Farming is increasingly dominated by large companies using modern farming practices which are a major contributor to global warming. Globally farming is responsible for eight per cent of greenhouse-gas emissions.
* Soil abuse Intensive tilling and lack of conservation causes the carbon in the soil to break down and be released into the atmosphere as CO2.
* Fertilizer frenzy Nitrogen-based fertilizers release into the atmosphere nitrous oxide (NO2), a greenhouse gas 310 times more powerful than CO2.
* Animal husbandry Most of farming’s greenhouse-gas emissions come from farming cattle and pigs. Cattle, pigs and other animals release methane in the process of digestion, as does their manure.
* Meat market Producing meat for human consumption requires at least 20 times more raw materials than producing grains, vegetables and fruit.
* Gas guzzling Diesel fuel used to run farm equipment and to transport produce over vast distances to a globalized market releases yet more CO2.
* Deforestation Industrial forestry clear-cuts in one area, leaving the forest to grow again from scratch. This damages the soil, drastically reduces the carbon stored in the forest and releases it as CO2 into the atmosphere. Half the world’s tropical rainforests have been cleared in the past 50 years, creating 12 per cent of greenhouse-gas emissions.
* Reforestation Some reforestation projects, funded by rich countries as carbon credits to offset their CO2 emissions, are now taking place in poor countries. In Uganda and Ecuador this has already led to local communities being forced off the land to make way for forestry corporations. There are also scientific doubts that creating more forests can really offset rising CO2 emissions or indeed reduce global warming. The result could be just more forest fires.

* Practise soil conservation Zero-tillage or simple scratch-ploughing instead of turning the soil over helps build deep, biologically fertile soil. Other methods of soil conservation include planting trees along contour ridges and retaining rain-water in lakes and ponds. Alternating crops also enriches the soil naturally.
* Shift to organic methods Organic farming builds carbon in the soil and works with nature’s biodiversity. It allows insects to control each other and fosters a rich ecological system.
* Avoid nitrogen fertilizers and use organic instead. Soil tests can show if nitrogen is really needed.

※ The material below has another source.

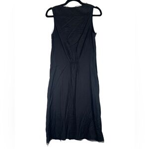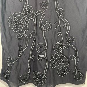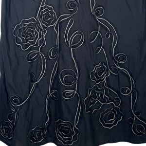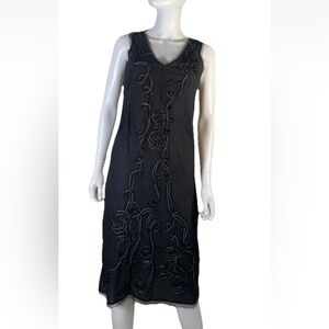 POLECI Black Cotton Midi Slip Dress Sleeveless 3D Flowers Sz 4 Embroidered
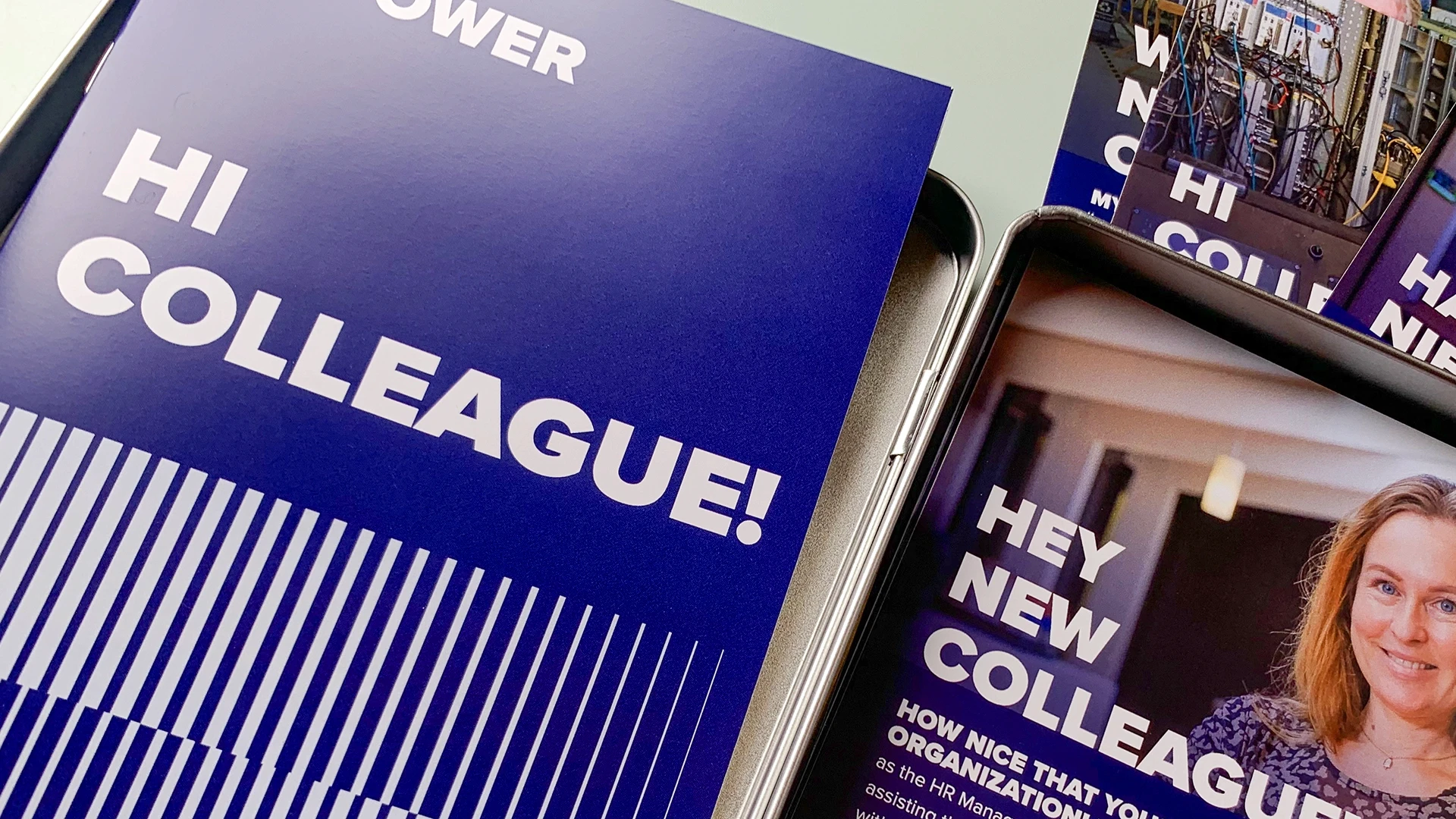 We bedachten HI COLLEGA!-welkomst-kit, met een boekje en persoonlijke uitnodigingen van collega’s uit diverse vestigingen. De kern is om directe, persoonlijke kennismakingen te organiseren en de afstand tussen de locaties te overbruggen.

* Use manure well When manure rots in a liquid, oxygen-free environment it produces methane. It’s better to capture this and use it as a biogas to heat farm buildings than to let it escape into the atmosphere. Aerobic systems such as composting can yield less harmful dry manure ready to spread on fields.
* Reduce animals’ methane output Fermentation in the stomachs of cattle, pigs, sheep and buffalo produce 43 per cent of agriculture’s methane. Improving the nutrient balance and quality of livestock feed can reduce emissions.
* Make your own energy Farmers in windy areas such as the Canadian Prairies can earn $1,500 a year per wind turbine and generate green electricity without interrupting their farming. Farmers in Denmark can make even more money by forming their own wind co-operatives. Solar dryers can be used to dry fruit, vegetables, grains and herbs.
Low-grade grain, nutshells and other agricultural waste can be used to make ethanol as a fuel for vehicles.
* Stop eating animals As a consumer you can reduce the demand for meat and help reduce the source of most of farming’s greenhouse-gas emissions.
* Buy organic Support a growing market for sustainable agriculture and help campaign for subsidies of organic instead of industrial agriculture.
* Buy local Support local and small-scale farmers against the domination of agribusiness and help cut CO2 emissions from transport.
* Practise sustainable forestry This replaces clear-cutting with harvesting selected trees, leaving the forest standing.
* Buy good wood As a consumer, buy wood from forests that are eco-certified and campaign against government subsidies for large industrial loggers.